Padova, l’imprenditore Pittarello: «Rispetto chi ha indagato»
PADOVA «Il procuratore capo Bruno Cherchi aveva detto di aver trovato imprenditori “omertosi”, io non sono così e ho deciso di fare la mia parte». Per questo Nicola Pittarello, 48 anni, ha deciso di costituirsi parte civile. È una delle vittime delle estorsioni e minacce emerse nell’inchiesta che vede indagate 54 persone accusate di essere affiliate alla ‘ndrangheta.
PADOVA Ieri mattina in aula bunker a Mestre si è tenuta l’udienza preliminare per i 54 imputati indagati a vario titolo per essere affiliati alla ‘ndrangheta o per averne favorito gli affari sporchi.
A Padova invece Nicola Pittarello, 48 anni, una delle vittime di estorsioni e minacce messe in atto da quegli stessi imputati, continuava il suo lavoro di immobiliarista, «finalmente con il cuore più leggero» dice.
Lui ieri mattina non era in aula, ma insieme a pochi altri ci ha messo la faccia e la firma, costituendosi parte civile contro chi per cinque anni gli ha reso la vita un inferno. «L’ho fatto per me e per rispetto a chi ha indagato».
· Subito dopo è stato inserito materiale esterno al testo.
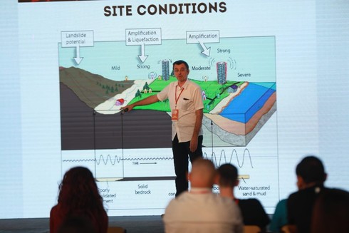 Danijel Schorlemmer introducing the OpenStreetMap-based exposure model translating the local shaking into probabilistic loss and risk assessments expressed as effects on buildings and people. #SotMSEE
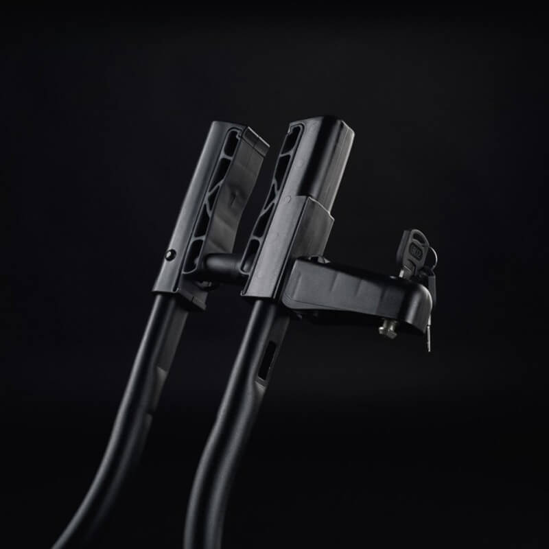 Ανανεωμένο σύστημα στερέωσης , οι σφιγκτήρες πλαισίου έχουν ένα νέο σχέδιο που αποτρέπει την ολίσθηση του ποδηλάτου ακόμη και αν δεν έχει επιτευχθεί πλήρως η βέλτιστη ροπή. Επιπλέον, το νέο κουμπί ρυθμίζει και απελευθερώνει το ποδήλατο σε μία κίνηση.
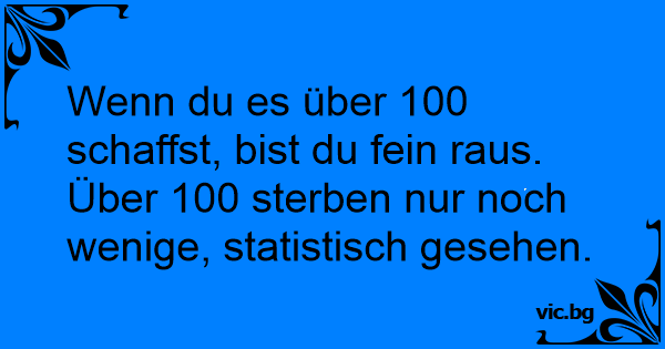 Wenn du es über 100 schaffst, bist du fein raus. Über 100 sterben nur noch wenige, statistisch gesehen.

Il pm Paola Tonini ha chiesto il rinvio a giudizio per tutti gli imputati, sia quelli direttamente collegati al clan Grande Aracri come i tre fratelli Sergio, Francesco e Michele Bolognino, sia gli altri, tanti piccoli impresari veneti che con la prospettiva di guadagni, o per paura di ribellarsi, sono finiti nella tela del ragno della mafia calabrese.
Nicola no, lui ha collaborato. «È giusto così – dice dal suo studio padovano – l’ho fatto perché le parole del procuratore capo Bruno Cherchi, all’indomani degli arresti, mi avevano colpito, lui aveva detto di aver trovato imprenditori “omertosi”, io non sono così, e quando ho visto l’impegno profuso dai carabinieri e Finanza nelle indagini, la loro passione, l’abnegazione, ho pensato che dovevo fare la mia parte – spiega – parlando con un investigatore una volta gli ho detto “beh, dopo questa indagine ti promuoveranno”, e lui mi ha risposto che non ci sarebbe stata nessuna promozione, e quello era il suo lavoro, e io lo so che lavorano giorno e notte, l’ho fatto anche per loro, glielo dovevo – e aggiunge - in questo percorso è stato determinante il mio avvocato Stefano Marrone, che mi ha detto che non dobbiamo avere paura di nessuno».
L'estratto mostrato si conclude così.